Records from a data collection:
==================================================

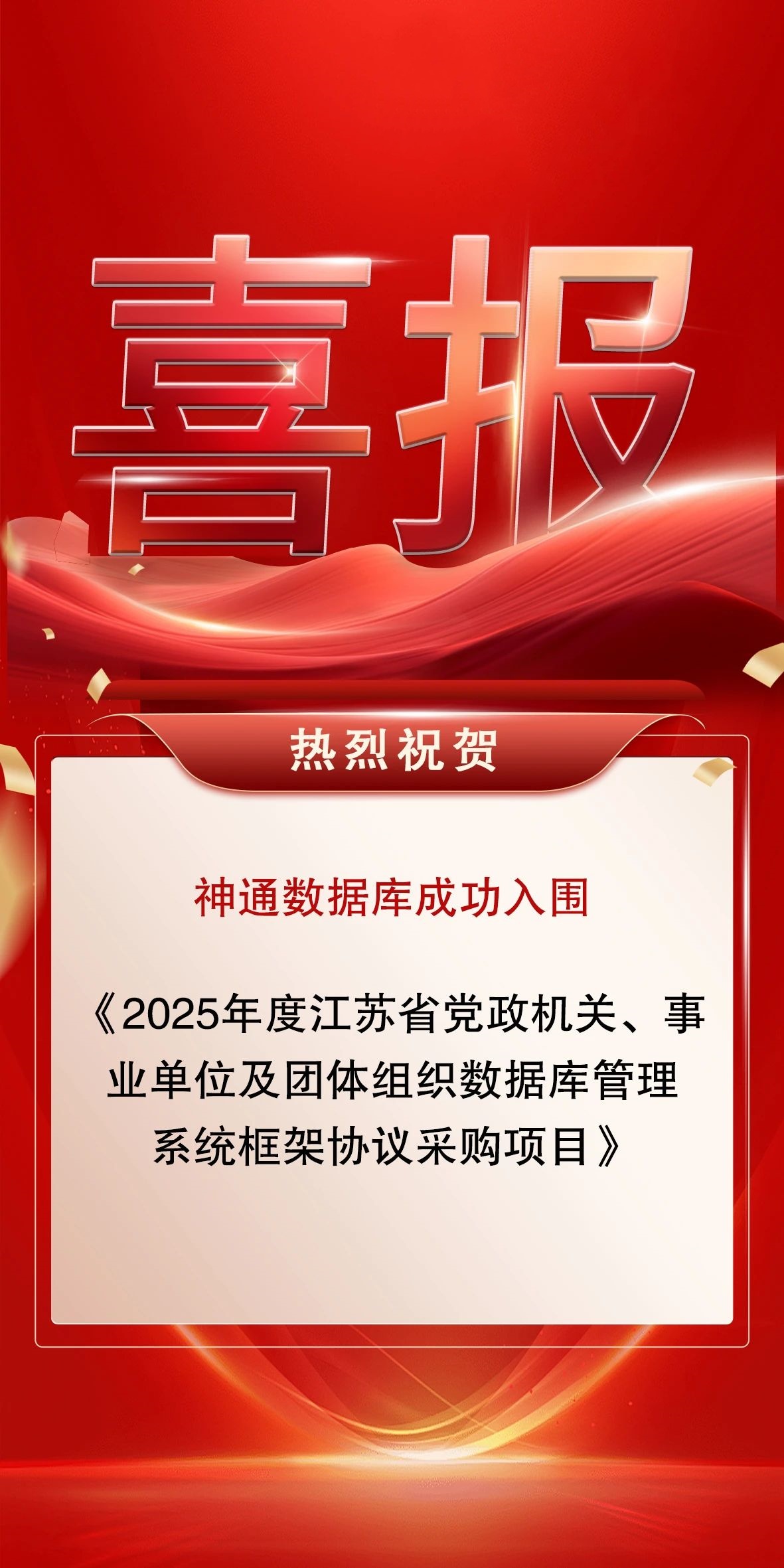 喜訊 神通數(shù)據(jù)庫入圍2025年度江蘇省黨政機關、事業(yè)單位及團體組織數(shù)據(jù)庫管理系統(tǒng)框架協(xié)議采購項目
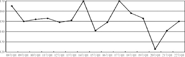 一季度安防企业盈利景气指数为122,位于"较景气区间"(见图8),与上季度相比下降了12个百分点,与去年同期相比下降了10个百分点。在调查对象中,有40%的企业反映"增盈(或减亏)",比去年同期下降了4个百分点;有42%的企业反映"持平",比去年同期下降了2个百分点;有18%的企业反映"盈利减少(或增亏)",比去年同期上升了6个百分点。
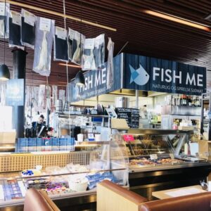 Tomamos el tranvía para ir hasta el Mercado de Pescado de Bergen o Fisketorget, que es uno de los lugares más visitados de la ciudad. Un muy agradable paseo por el muelle: está lleno de puestos de comida (pescado y mariscos casi todos), aunque también hamburguesas y salchichas. Pero la lluvia nos privó de comer allí y tuvimos que cruzar la calle, y entrar en Bryggeloftet & Stuene Restaurant.
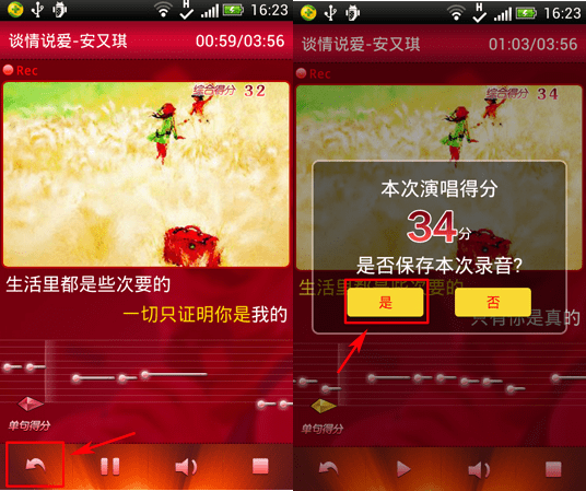 在演唱界面,自己进行演唱,当自己演唱完成后,点击【返回】按键,最后在显示出的界面按【是】按键即可。
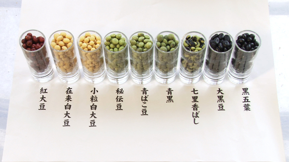 写真でズラリと並んでいるのは、山形県で栽培・自家採種されている数々の豆の一例です。

==================================================

ACTIVITY: The result should be every line of the data, reproduced exactly, with the images removed.

OUTPUT OF THE EXERCISE:
 喜訊 神通數(shù)據(jù)庫入圍2025年度江蘇省黨政機關、事業(yè)單位及團體組織數(shù)據(jù)庫管理系統(tǒng)框架協(xié)議采購項目
 一季度安防企业盈利景气指数为122,位于"较景气区间"(见图8),与上季度相比下降了12个百分点,与去年同期相比下降了10个百分点。在调查对象中,有40%的企业反映"增盈(或减亏)",比去年同期下降了4个百分点;有42%的企业反映"持平",比去年同期下降了2个百分点;有18%的企业反映"盈利减少(或增亏)",比去年同期上升了6个百分点。
 Tomamos el tranvía para ir hasta el Mercado de Pescado de Bergen o Fisketorget, que es uno de los lugares más visitados de la ciudad. Un muy agradable paseo por el muelle: está lleno de puestos de comida (pescado y mariscos casi todos), aunque también hamburguesas y salchichas. Pero la lluvia nos privó de comer allí y tuvimos que cruzar la calle, y entrar en Bryggeloftet & Stuene Restaurant.
 在演唱界面,自己进行演唱,当自己演唱完成后,点击【返回】按键,最后在显示出的界面按【是】按键即可。
 写真でズラリと並んでいるのは、山形県で栽培・自家採種されている数々の豆の一例です。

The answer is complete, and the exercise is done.